- Date: 14–20 March
- Edition: 2nd
- Surface: Clay
- Location: Roseto degli Abruzzi, Italy

Champions

Singles
- Manuel Guinard

Doubles
- Franco Agamenone / Manuel Guinard
- ← 2022 · Challenger di Roseto degli Abruzzi · 2023 →

= 2022 Challenger di Roseto degli Abruzzi II =

The 2022 Challenger di Roseto degli Abruzzi II was a professional tennis tournament played on clay courts. It was the second edition of the tournament which was part of the 2022 ATP Challenger Tour. It took place in Roseto degli Abruzzi, Italy between 14 and 20 March 2022.
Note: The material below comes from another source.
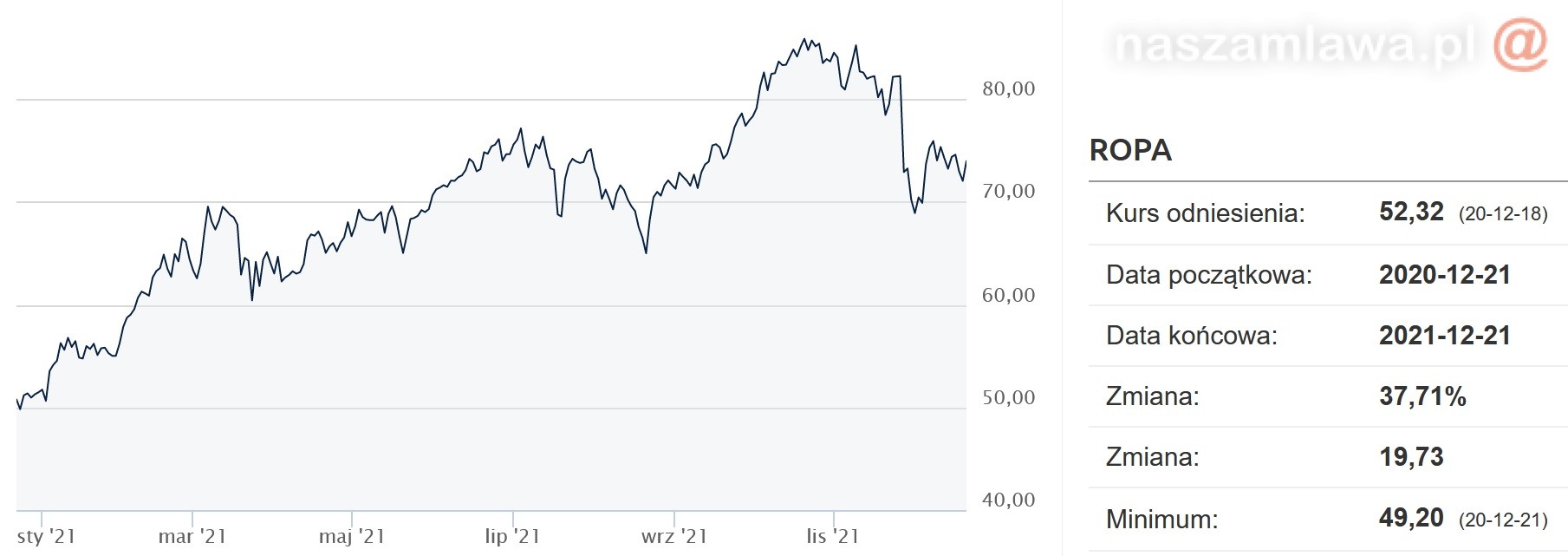 Publikowane są także notowania cen ropy m.in. na przestrzeni ostatniego roku.

==Singles main-draw entrants==
===Seeds===

| Country | Player | Rank^{1} | Seed |
|---|---|---|---|
| CZE | Jiří Veselý | 74 | 1 |
| ITA | Gianluca Mager | 95 | 2 |
| ESP | Carlos Taberner | 105 | 3 |
| FRA | Corentin Moutet | 108 | 4 |
| ESP | Bernabé Zapata Miralles | 118 | 5 |
| SRB | Nikola Milojević | 126 | 6 |
| SVK | Andrej Martin | 127 | 7 |
| TPE | Tseng Chun-hsin | 159 | 8 |

- ^{1} Rankings are as of 7 March 2022.

===Other entrants===
The following players received wildcards into the singles main draw:
- ITA Flavio Cobolli
- ITA Andrea Del Federico
- ITA Giulio Zeppieri

The following players received entry into the singles main draw as alternates:
- FRA Mathias Bourgue
- FRA Manuel Guinard
- CAN Brayden Schnur
- CRO Nino Serdarušić

The following players received entry from the qualifying draw:
- ITA Luciano Darderi
- FRA Alexis Gautier
- ESP Carlos Gimeno Valero
- HUN Zsombor Piros
- ITA Andrea Vavassori
- GER Louis Wessels

The following players received entry as lucky losers:
- ESP Nicolás Álvarez Varona
- NED Robin Haase

==Champions==
===Singles===

- FRA Manuel Guinard def. TPE Tseng Chun-hsin 6–1, 6–2.

===Doubles===

- ITA Franco Agamenone / FRA Manuel Guinard def. SRB Ivan Sabanov / SRB Matej Sabanov 7–6^{(7–2)}, 7–6^{(7–3)}.